This joint is more easily carved, and is of better appearance when the bones are removed before it is dressed. Roll and bind it firmly cover it with strong cold beef broth or gravy, and stew it very gently indeed from six hours to between seven and eight; add to it, after the scum has been well cleared off, one large or two moderate-sized onions stuck with thirty cloves, a head of celery, two carrots, two turnips, and a large faggot of savoury herbs. When the beef is perfectly tender quite through, which may be known by probing it with a sharp thin skewer, remove the fillets of tape, dish it neatly, and serve it with a rich Espagnole, and a garnish of forced tomatoes, or with a highly flavoured brown English gravy, and stewed carrots in the dish: for these last the mild preparation of garlic or eschalots, of page 110, may be substituted with good effect; they should be well drained, laid round the meat, and a little brown gravy poured over the whole.

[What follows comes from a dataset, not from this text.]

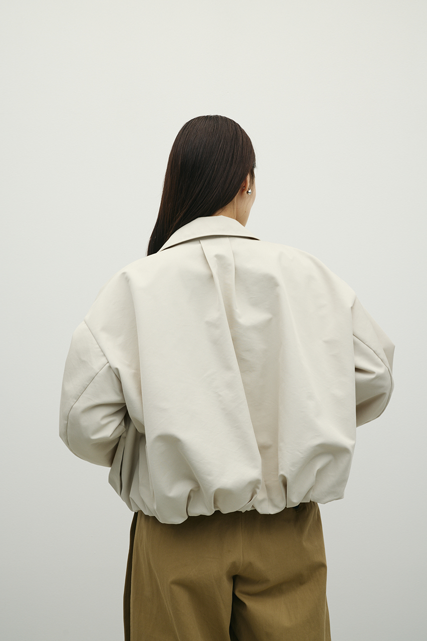 程よくハリ感のある素材にタックを施したバルーンシルエットが特徴のブルゾン。程よいボリューム感で、羽織るだけでコーディネートに立体感をプラス。カジュアルながらも女性らしい丸みのあるフォルムで、パンツにもスカートにも合わせていただきやすい一枚です。透け感なし、ストレッチなし。

This is the most simple and economical manner of stewing the beef; but should a richer one be desired, half roast the joint, and stew it afterwards in strong gravy, to which a pint of mushrooms, and a pint of sherry or Madeira, should be added an hour before it is ready for table. Keep it hot while a portion of the gravy is thickened with a well-made brown roux (see Chapter IV (Sauces)., page 96), and seasoned with salt, cayenne, and any other spice it may require. Garnish it with large balls of forcemeat, highly seasoned with minced eschalots, rolled in egg and bread-crumbs, and fried a fine golden brown.
Plainly stewed from 6 to 7 or 8 hours. Or: half roasted, then stewed from 4 to 5 hours.
Grated horse-radish, mixed with some well-thickened brown gravy, a teaspoonful of mustard, and a little lemon-juice or vinegar, is a good sauce for stewed beef.